| Hi HN, I’d like to share an open-source project we’ve been working on for a while: Browser4. The motivation came from a recurring frustration: most browser automation tools (Playwright, Selenium, Puppeteer) are excellent for human-written scripts, but start to show friction when used as a core execution layer for AI agents or at very high concurrency.
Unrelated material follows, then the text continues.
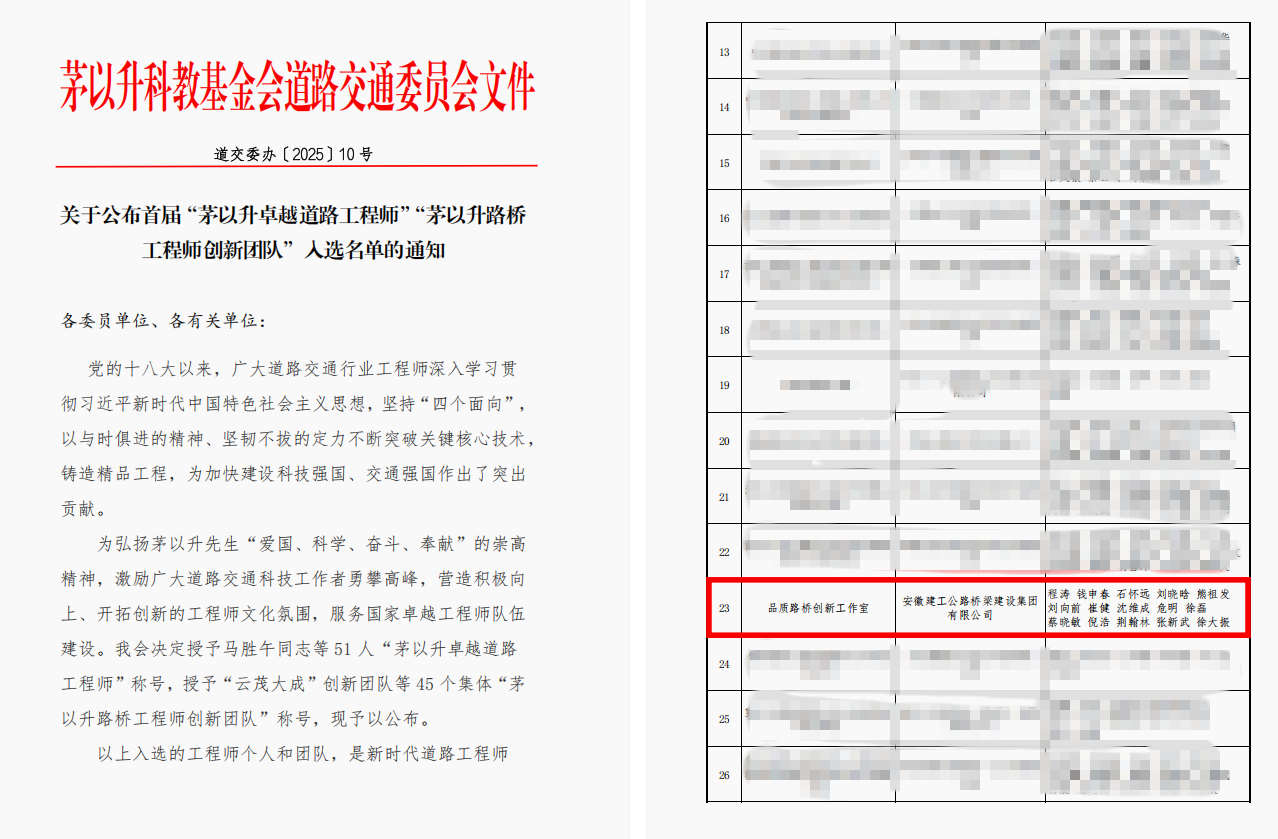 近日,茅以升科技教育基金會道路交通委員會公布首屆“茅以升路橋工程師創(chuàng)新團隊”評選結果,公司“品質(zhì)路橋創(chuàng)新工作室”憑借扎實的技術攻關能力與突出的工程實踐成果成功入選。

So instead of building “another wrapper around Playwright”, we experimented with a different direction:
designing a browser engine where AI agents are first-class citizens. ### What Browser4 is Browser4 is a browser automation engine built on native Chrome DevTools Protocol (CDP), with a focus on: * Coroutine-safe concurrency (designed to run many browser sessions in parallel) * Agent-oriented APIs (navigation, interaction, extraction as composable actions) * Hybrid extraction: ML agent driven extraction + LLM extraction + structured selectors + an SQL-like DOM query language (X-SQL) * Low-level control without Playwright-style abstraction overhead It’s written in Kotlin/JVM, mainly because we needed predictable concurrency behavior and long-running stability under load. The project is fully open-source (Apache 2.0). ### What it’s not * It’s not a drop-in Playwright replacement. * It’s not a no-code RPA tool. * It’s not “LLM magic” — LLMs sit outside the browser engine. Browser4 intentionally stays close to the browser execution layer and leaves planning/reasoning to external agent loops. ### Current use cases we’re testing * Large-scale web data extraction * Agentic workflows (search → navigate → extract → summarize) * Price / content monitoring with frequent revisits * High-concurrency crawling where browser startup and context switching are bottlenecks On a single machine, we can sustain very high daily page visits, though we’re still validating benchmarks across different workloads. ### Open questions (where I’d love feedback) * For agentic systems, does it make sense to bypass Playwright entirely and work closer to CDP? * Where do you see the biggest pain points when combining LLMs with browser automation today? * Is JVM a reasonable choice here, or is Python still the better tradeoff despite concurrency limits * What abstractions would you want in a browser engine built for AI agents? ### Links * GitHub: https://github.com/platonai/browser4 * Website (light overview): https://browser4.io Happy to answer technical questions or hear criticism — especially from people running browser automation or agent systems in production. Thanks for reading. |
Sequential execution with realistic timing delays is actually necessary for our use case. But I can see how other agent applications would benefit from true concurrency.
Are you handling session isolation between concurrent agents? That seems like it would be critical for avoiding state pollution.